BUMPER CROP
In the 1943 award-winning musical "Oklahoma," there is a wonderful song titled "Oh, What a Beautiful Morning." In fact, it is such a beautiful morning on the Oklahoma meadow that "the corn is as high as an elephant's eye, and it looks like it's climbing clear up to the sky."
That may be, unless you have seen Jill Hooper Dalesandry's backyard vegetable garden of beets, carrots, onions, acorn squash, peppers, tomatoes (32 plants), spinach, radishes, zucchini, cucumbers, strawberries and assorted herbs. And that's just the spring-summer crop.
But alas, no corn.
"It's funny," said Dalesandry. "I have been so successful with everything except corn. I think that's because of the wind and heat."
Otherwise, Dalesandry, executive vice president of escrow operations for Nevada Title Co., is proficient in getting her 1,200 square-foot above-ground garden to grow just about whatever she wants.

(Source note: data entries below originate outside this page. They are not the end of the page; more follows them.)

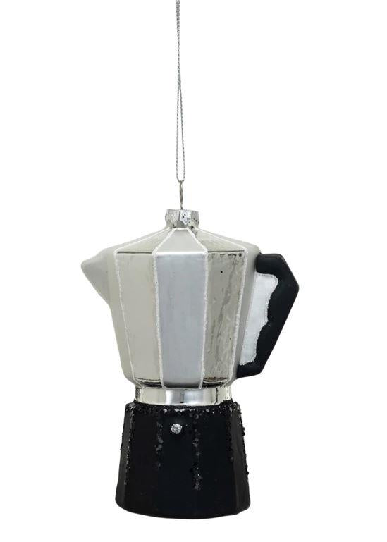 This ornament is a glass rendition of an espresso pot, complete with a black and silver finish that adds a touch of sophistication to its design. It measures 3.25 inches long, 2.5 inches wide, and 4.75 inches high, offering a substantial and elegant representation of coffee culture. The string attachment allows for easy display, making it a perfect gift for espresso enthusiasts or a delightful treat for any holiday decor. This is a perfect choice for anyone who loves graceful and elegant home decor. A glass espresso pot ornament, boasting a sleek black and silver finish, reflecting the refined taste of coffee aficionados. An ornament that brings a touch of modern elegance to any holiday decor, perfect for a contemporary or minimalist aesthetic. Perfect for adding a chic coffeehouse vibe to the Christmas tree or as a stylish accent in a kitchen display.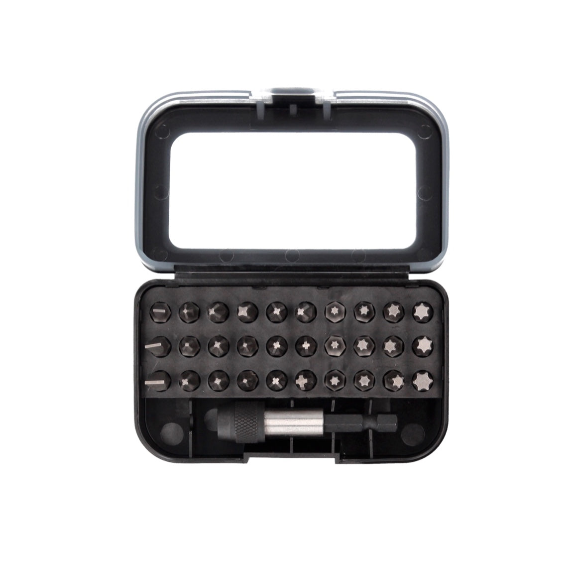- 12x T Bit 25 mm ( 2x T10 / 2x T15 / 2x T20 / 3x T25 / 2x T30 / 1x T40 )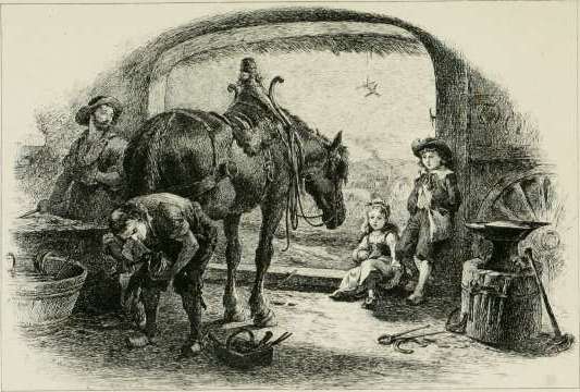 On voit, de place en place, un paysan rustique.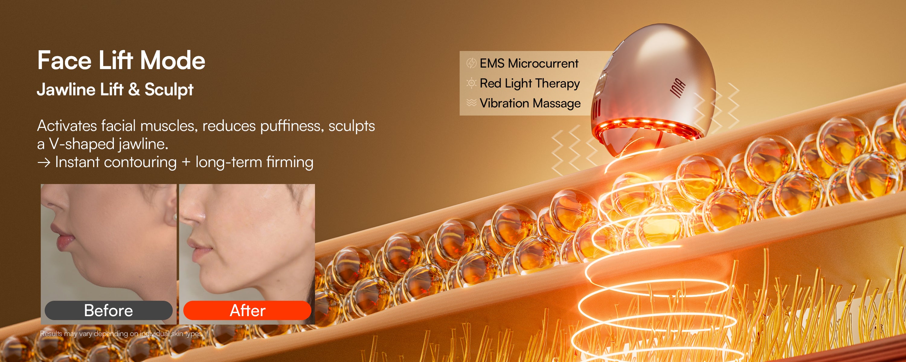 This mode uses microcurrent, red light, and vibration to energize and tone facial muscles. This combination helps reduce swelling and sculpts the jawline for a more defined V-face look.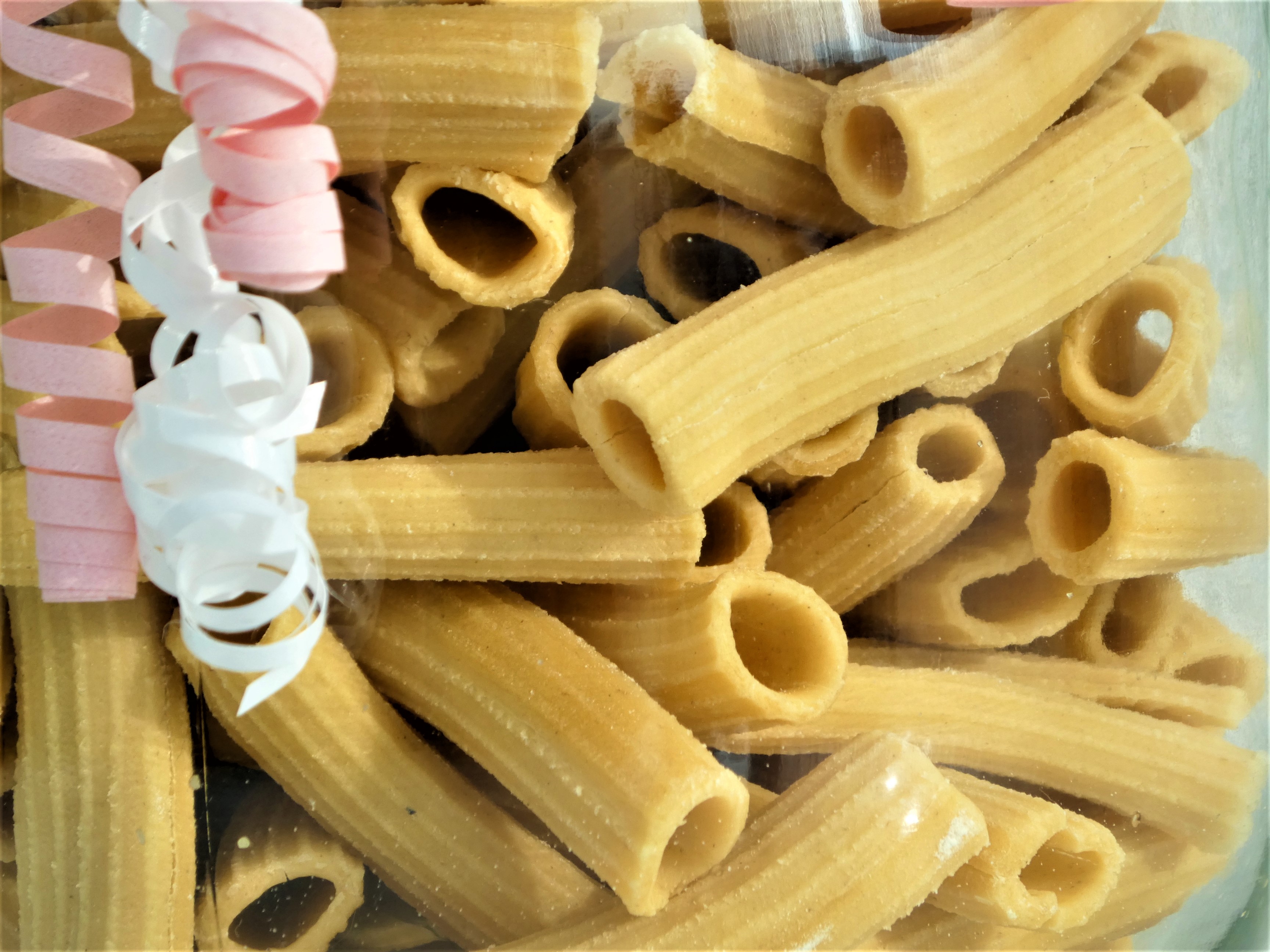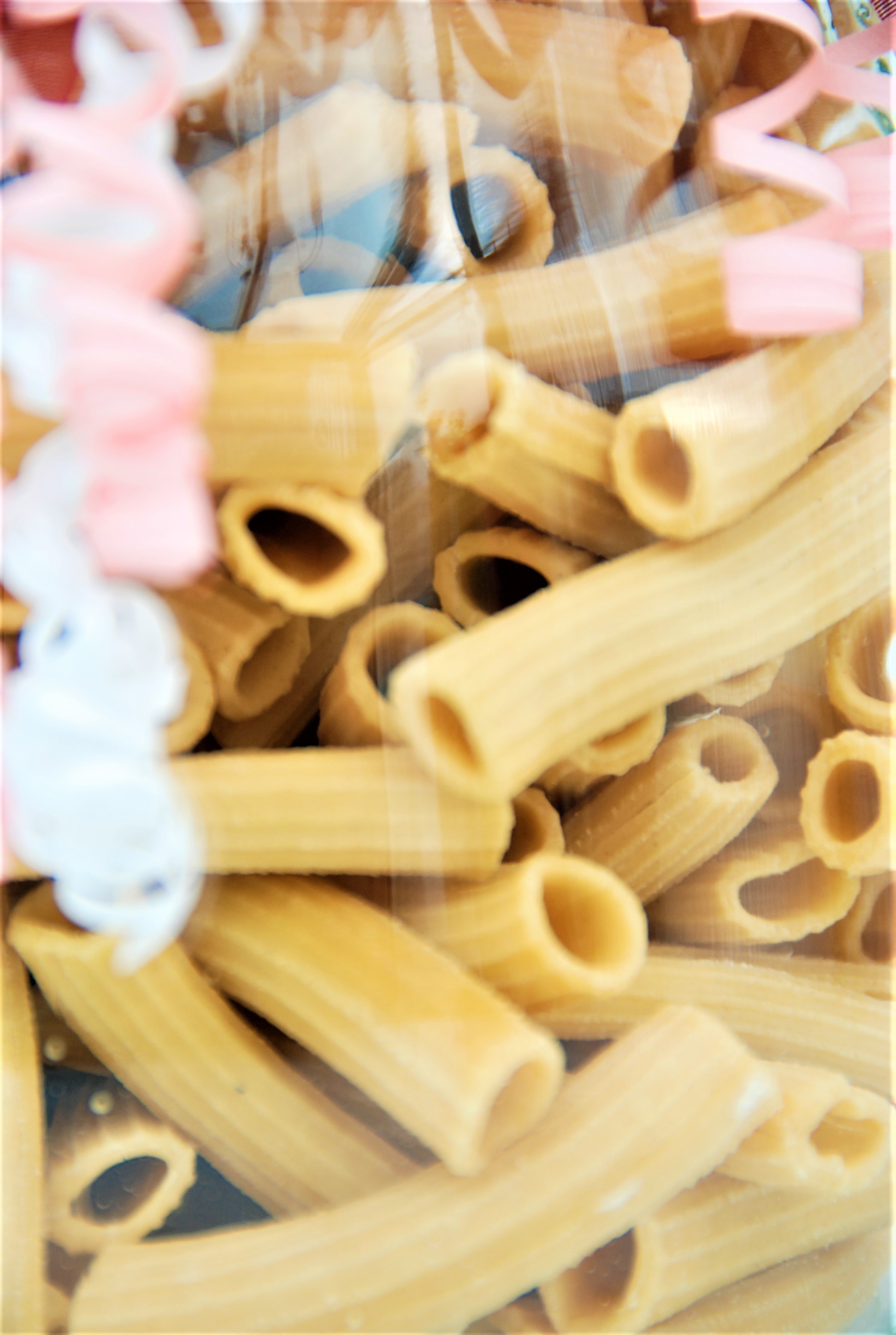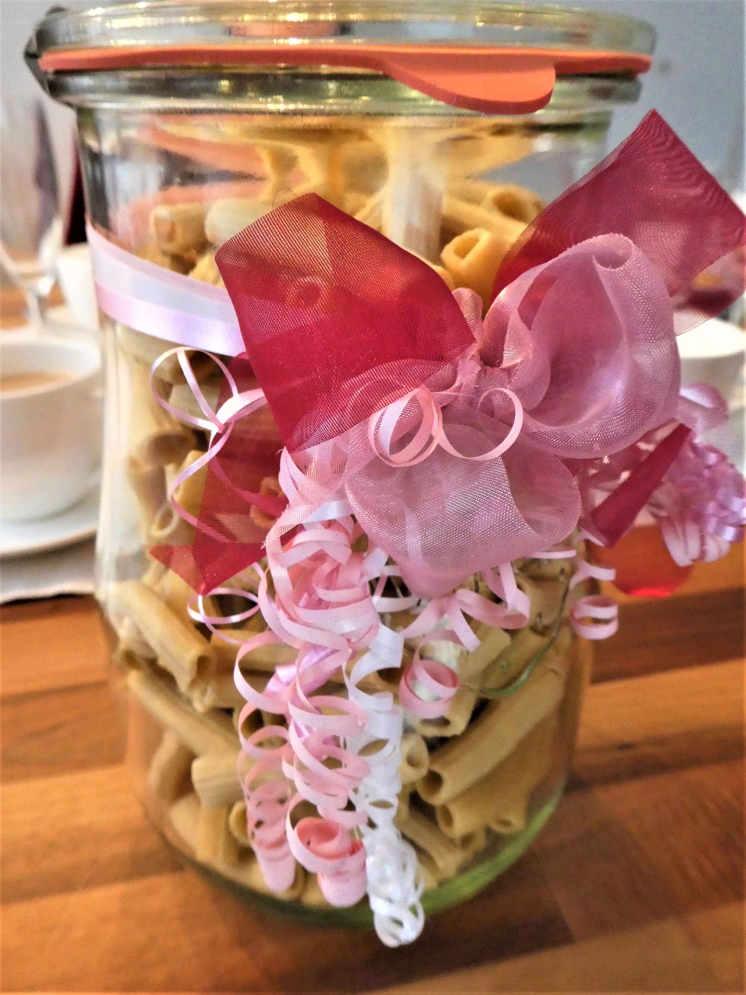 Wie gut, dass mein Schwiegersohn für seine KitchenAid den Pastaaufsatz geschenkt bekam. Das richtige Mehl für die Zubereitung der Rigatoni hat er im Pastaland im Urlaub gekauft und als Hobbykoch auch gleich ausprobiert. Wie liebevoll von ihm, dass er an meine Pasta-Liebe dachte, und mir das wunderschön dekorierte Glas voller feinster, selbstgemachter Pasta schenkte.

She built it three years ago by laying a brick wall around the garden area, hauling in rich top soil to a depth of 3 feet, and laying a separate water drip system.
"I have a spring-summer crop and a fall-winter crop," she explained. "All that's left in the garden right now are peppers. After those are gone, I'll fertilize with bone meal and vegetable fertilizer and thoroughly mix and till the soil. Then I'll plant cauliflower, broccoli, cabbage, onions, radishes, carrots and beets. These will be harvested sometime in February depending on what kind of frost we have this winter. Then I'll just start all over with my spring-summer crop."
Dalesandry uses seeds, bulbs and plants in her garden.
"The really busy time is when I prepare the garden and get everything planted," she explained. "Once all the plants are in the ground and established, I can let the garden go for several days at a time. There is regular maintenance like weeding and keeping an eye on the weather, but that isn't difficult. It gets busy again at harvest time and I mean really busy, especially with my fruit trees. That's when the nectarines, peaches, apples, pears and apricots are picked and eaten on the spot."
What happens with all the vegetables?
"My pantry is filled with canned vegetables," Dalesandry said. "I harvest, wash, cut, cook, freeze and pickle just about everything that I don't give away to family and friends. In July, I picked baskets of tomatoes, washed and peeled and pureed them, added some zucchini, peppers and onions, and made spaghetti sauce. It's all frozen away in my freezer. The beets, cauliflower, peppers, cucumbers and carrots I pickle. Sometimes I add a jalapeno for extra flavor. Those jars are in my pantry."
Dalesandry considers her garden a familiar hobby. Her father always had a small vegetable garden and her in-law's home in Utah was surrounded by orchards and a large garden.
"I've had some type of garden since moving here 18 years ago and I'm never going to stop," she said. "Several weeks ago I went to the grocery story to buy some carrots. There was no flavor. Mine are so sweet and besides, I just love the idea of going outside, picking whatever vegetables I want and bringing them inside to cook for dinner."